Here Are the Surprising Lessons Cuba's Economy Can Teach the U.S.
HAVANA — Last Sunday morning, during a stroll through the streets of Havana ahead of President Barack Obama's historic visit to Cuba, I tweeted the following photo of a bread line stretching around the corner outside of a local bakery:
The image is a striking example of how Cuba's socialist economy continues to operate today. The country adopted a subsidized food system in 1962, which, despite modest free market reforms enacted in recent years by President Raúl Castro's government, remains intact today. Every Cuban family has a libreta — or ration book — which they use at their local store to receive basic staples, including bread, rice, and meat. The egalitarian system has helped Cuba develop high life expectancy and low infant mortality rates. But it has also created food shortages and resulted in a host of severe challenges for the Cuban people.
Predictably, my tweet touched a nerve with conservatives and libertarians, who evidently viewed it as proof that Cuba's socialist economy has failed outright:
That sentiment was not just contained to Twitter. The subtext of Obama's Cuba trip was that America's capitalist system has triumphed over socialism, and that a free market economy will help pave the road to a better Cuban future.
At a town hall event about entrepreneurship on Monday, Obama told the audience, "There are some economic models that just don't work." He proceeded to highlight a range of successful American companies, from Marriott International to Airbnb, that are planning to expand their businesses in Cuba as models that can help expand Cuba's private market economy.
Obama is not wrong. With an average monthly income of just $17, average Cubans face dire economic circumstances every day, and change is desperately needed if the country's economy is to modernize. But what if it's not so simple? What if there are lessons that Cuba's socialist economy can also teach the United States?
One of the most remarkable exchanges during Obama's visit came during his joint press conference with Raúl Castro, when the Cuban president was pressed by American journalists about human rights abuses. On the defensive, Castro responded that he considers universal health care and free college education to be human rights, too — two things which Cubans enjoy while Americans do not.
It's easy to write off Cuba's economy as a blanket failure. But the director-general of the World Health Organization recently heralded the country's state-controlled universal and free health care system as a model for the world.

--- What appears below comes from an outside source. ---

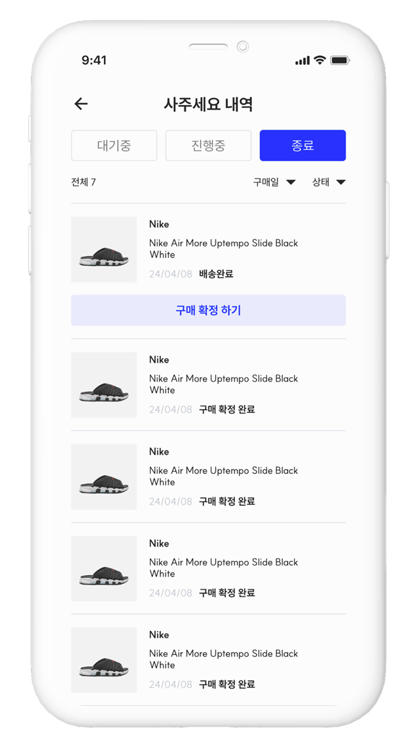구매자가 상품을 수령하고 [구매 확정]을 눌러야 거래가 완료됩니다. 거래 완료 후, 사주세요를 통해 대행 수익이 정산되어 지급됩니다.

"We consider health care as a human right. It's free, no matter who you are, and no matter what your ideology," Alberto Roque Guerra, a Cuban doctor and internal medicine specialist said in an interview outside Havana Hospital. The country has also prioritized biotechnology and medical research, quietly developing a number of ground-breaking drugs, including a lung cancer vaccine, despite the U.S. trade embargo.
Meanwhile, the World Bank recently declared Cuba's free and universal education system as the best in Latin America with the highest quality teachers. The system has experienced challenges in recent years, with enrollment in state-controlled schools falling; still, Cuba has long been heralded as having among the highest academic standards in the world despite the country's faltering economy. As just one proof point, the country has sent an estimated 20,000 doctors to work abroad in recent years, while thousands of medical students from around the world also flock to study in Cuba each year.
None of this serves to excuse Cuba from its dismal track record on other human rights issues, including limiting freedom of speech and freedom of the press. Indeed, just hours before Obama's arrival, the country rounded up a group of 100 dissidents from the Ladies in White protest group, made up of the wives of former political prisoners. On Tuesday, Obama met with a group of Cuban dissidents, and he also made human rights the central focus of his landmark speech to the Cuban people.
What young Cubans are saying: In my conversations with young Cubans, many shared how they are struggling financially, and how much they hope the country will undergo changes to open up the private market economy in the near future.
But a close examination of Cuba's health care and education system should serve to challenge the one-sided narrative that Cuba's socialist economy is wholly a failure, or that America's capitalist system is wholly superior. In a memorable conversation I had during my Havana walking tour, one young Cuban told me that, although his country has human rights issues, he believes America is in no position to lecture Cuba, given the way America's police treat their own citizens.
To his credit, Obama was clear to emphasize in his speech that the U.S. is not immune from criticism, stating "I actually welcome President Castro commenting on some of the areas where he feels we're falling short because I think we should not be immune or afraid of criticism or discussion as well." He also said throughout his visit that the U.S. will not dictate how Cuba should run its economy.
We would be well-served to heed those words. Optimism is running high, and all eyes are on whether Cuba will enact much-needed reform in the aftermath of Obama's visit. But Cuba should also serve as a mirror for the U.S., a lens that forces us to recognize the structural areas where our system, too, has fallen short.